How long will your personal data be kept?

We will hold on to your information as long is needed to be able to provide our service to you and to maintain our company transactional records. Where you have given consent to contact you with offers and other marketing purposes, we will retain your personal data until you notify us otherwise.

If reasonably necessary or required to meet legal or regulatory requirements, resolve disputes, prevent fraud and abuse, or enforce our terms and conditions, we may also keep hold of some of your information as required, even after it is no longer needed to provide the service to you.

At the end of the retention period, your data will either be deleted completely or anonymised, for example by aggregation with other data so that it can be used in a non-identifiable way for business planning.

Your rights in relation to your personal data

You have the following rights in relation to our processing of your personal data:

1. Right to be informed

2. You have the right to be informed about how your personal data is being used - hopefully this Privacy Notice explains it all.

3. Right to access. You have the right to access the personal data we hold on you which allows you to be aware of and verify the lawfulness of the processing.

4. Right to rectification. You have the right to have personal data rectified if inaccurate, out of date or incomplete.

5. Right to erasure. You have the right in certain circumstances to have personal data erased, also known as ‘the right to be forgotten’.

6. Right to restrict processing. You have the right to request the restriction of your personal data in certain circumstances. When processing is restricted, we are permitted to store the personal data, but not use it.

7. Right to object. You have the right to object to any personal data processing which is based on legitimate interests of the controller or public interest unless there are compelling legitimate grounds for the processing which are sufficient to override your interests, rights and freedoms or the processing is for the establishment, exercise or defence of legal claims.

8. Right to data portability. You have the right to request that, in the case of automated data only, where possible we transfer elements of your personal data to another data controller.

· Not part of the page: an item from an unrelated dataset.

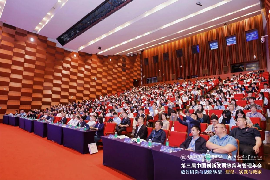 4月12日上午,会议在广州白云国际会议中心开幕,广州工业大学党委副书记朱蔚蔚与中国科学学与科技政策研究会理事长穆荣平分别致辞。在主旨报告环节,中国科学学与科技政策研究会理事长穆荣平、中国科学技术发展战略研究会副理事长胡志坚、国务院发展研究中心研究员马名杰、广东工业大学机械电子工程学院教授刘强、上海交通大学安泰经济与管理学院教授李垣、中国科学院大学管理学院教授柳卸林、华南理工大学威廉官网中国官方网站教授朱桂龙、中国科学院大学公共政策与管理学院教授陈凯华等权威专家,分别就粤港澳大湾区国际科技创新中心建设政策思考、AI4S:新科学范式对科技创新的影响、对制造业中小微企业的画像、AI+制造,推动制造业高质量发展、创新、创业、创投协同构建企业创新生态、中美脱钩情境下中国企业科技合作的重新校准——从ICT产业看、创新联合体建设与关键共性技术创新、数智驱动创新发展的理论思考:基于熊彼特的创新理论等主题进行主旨演讲。

9. Right to automated decision making and profiling. You have the right not to be subjected to decisions based solely on automated processing.

For further information on each of these rights, including circumstances in which they apply, please refer to the Information Commissioner’s Office (ICO) website www.ico.org.uk

If you wish to exercise any of the above rights, you can make a request to us verbally, by email or in writing. You will be asked for information to identify yourself with your name and address. The information will be provided by us within one month of request. We may extend the period of compliance by a further two months where requests are complex or numerous. If this is the case, we will inform you within one month of receipt of request and explain why the extension is necessary.

You have the right to lodge a complaint with the Information Commissioner’s Office (ICO) if you feel any part of the processing of your personal data has not been handled in accordance with the GDPR.

Keeping your personal data secure

We take your privacy very seriously and comply with our obligations under the GDPR by keeping personal data up to date; by storing and destroying it securely; by not collecting or retaining excessive amounts of data; by protecting personal data from loss, misuse, unauthorised access and disclosure and by ensuring that appropriate security measures are in place to protect personal data.

We limit access to your personal data to those who have a genuine business need to know it. Those processing your information will do so only in an authorised manner and are subject to a duty of confidentiality. We also have procedures in place to deal with any suspected data security breach where we are legally required to do so.

Updating this privacy notice

We will regularly review and, where necessary, update the privacy information in this Privacy Notice. Last reviewed 01/04/2020.